- _Data to examine_
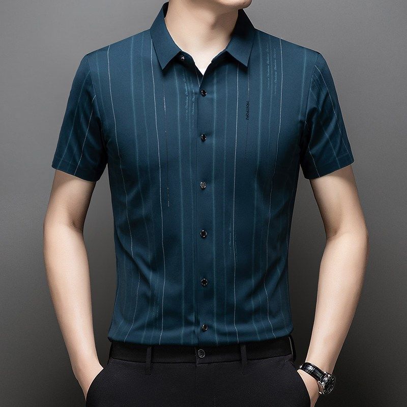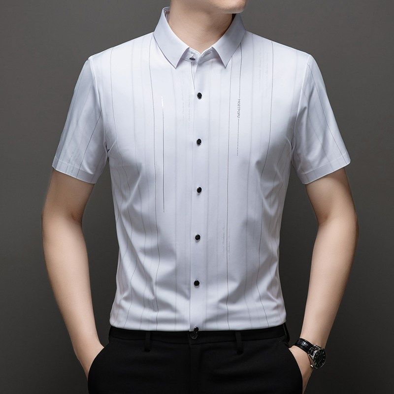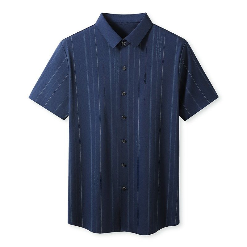新款 无痕冰丝半袖 高档短袖 中年男士 衬衣服潮 商务条纹衬衫 2024夏季
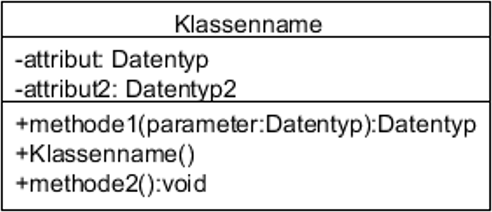 - - (private): Das Attribut/die Methode ist nur innerhalb dieser Klasse sichtbar.
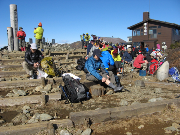 下山の準備を開始。そのうちハイカーの数がみるみる増え始めた。
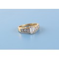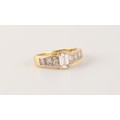 Property of a deceased estate - an 18ct yellow gold diamond ring, the centre emerald cut diamond weighing approximately 0.71 carat, the estimated total diamond weight 1.91 carats, approximately 5.3 grams, size O/P.
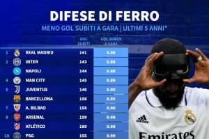 体育资讯11月15日讯 德国转会市场统计了2020-2021赛季以来球队在五大联赛中的场均失球,并列出场均失球最少榜单,皇马0.86球居首,国米、那不勒斯前三。
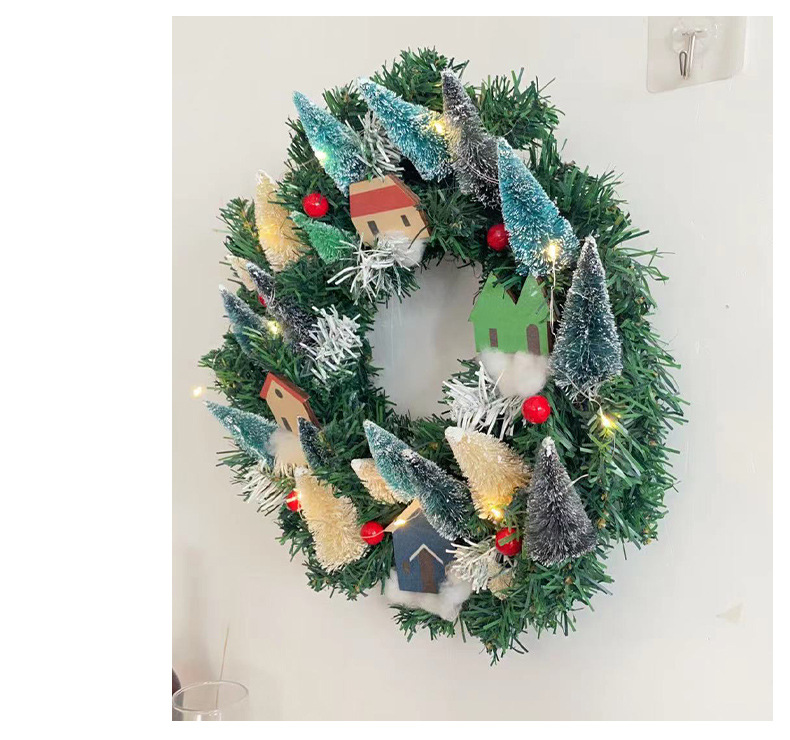 Nuevo árbol de Navidad brillante al por mayor creativo pequeña casa colgante decoración de la corona de Navidad de ventana colgante

- _Task item_
Having located the line with "Property of a", transcribe exactly and only the lines from it to the final line of the material, skipping the pictures.

- _Response area_
 Property of a deceased estate - an 18ct yellow gold diamond ring, the centre emerald cut diamond weighing approximately 0.71 carat, the estimated total diamond weight 1.91 carats, approximately 5.3 grams, size O/P.
 体育资讯11月15日讯 德国转会市场统计了2020-2021赛季以来球队在五大联赛中的场均失球,并列出场均失球最少榜单,皇马0.86球居首,国米、那不勒斯前三。
 Nuevo árbol de Navidad brillante al por mayor creativo pequeña casa colgante decoración de la corona de Navidad de ventana colgante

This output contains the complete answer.